Looking for an HTML parser

nuno <rails-mailing-list@...> writes:

Hello, I'm looking for an HTML parser that can handle bad formed input (unclosed tags).

There's a pretty good HTML parser in RoR ActionPack but it's doesn't handle bad formed documents

Thanks

Just a technical point: Unclosed tags are _not_ badly formed in HTML, they are exactly the _right_ way to do things in HTML. HTML is not supposed to be an XML based language, and self-closing tags is invalid.

That said, I agree with the person who said it's better to just treat it a one long string and regex it.

Consider:

<ul>    <li>a    <li>b    <li>c    <li>d <ul>    <li>e    <li>f    <li>g    <li>h

(BTW, the OP said 'unclosed tags' not 'self-closing tags' (by which I think you mean empty tags))

More importantly, this illustrates an ambiguity that makes dealing with ill-formed html difficult, even with a regex.

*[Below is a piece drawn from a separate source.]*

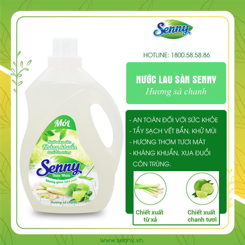 Nếu bạn đang lo lắng khi sàn nhà mình dù đã lau chùi thường xuyên mà vẫn không sạch. Vết bẩn, côn trùng, mùi ẩm mốc vẫn tồn tại. Bạn băn khoăn tìm kiếm một loại nước lau sàn an toàn cho làn da, hệ hô hấp. Đặc biệt là trẻ nhỏ có thể thoải mái vui chơi không lo dị ứng. Nước lau sàn thiên nhiên Senny sả chanh là một trong những gợi ý hoàn hào dành cho bạn. Nước lau sàn Senny thiên nhiên hương sả chanh kháng khuẩn, đuổi côn trùng hiệu quả. Sử dụng nước lau sàn Senny hương sả chanh mang đến cho bạn một sàn nhà sạch tự nhiên với hương thơm tươi mát.

What was meant? a nested list or two separate lists? indentation suggests one thing, but a peak in a browser another. But surely the author looked at the page in the browser and saw that it was okay. Right, surely. But with a little CSS who knows what was seen.

Tools like Tidy will turn that example into:

<ul> <li>a</li> <li>b</li> <li>c</li> <li>d <ul> <li>e</li> <li>f</li> <li>g</li> <li>h</li> </ul> </li> </ul>

which is probably how a browser would interpret it. Some of the other tools will do something similar when parsing it.

Cheers, Bob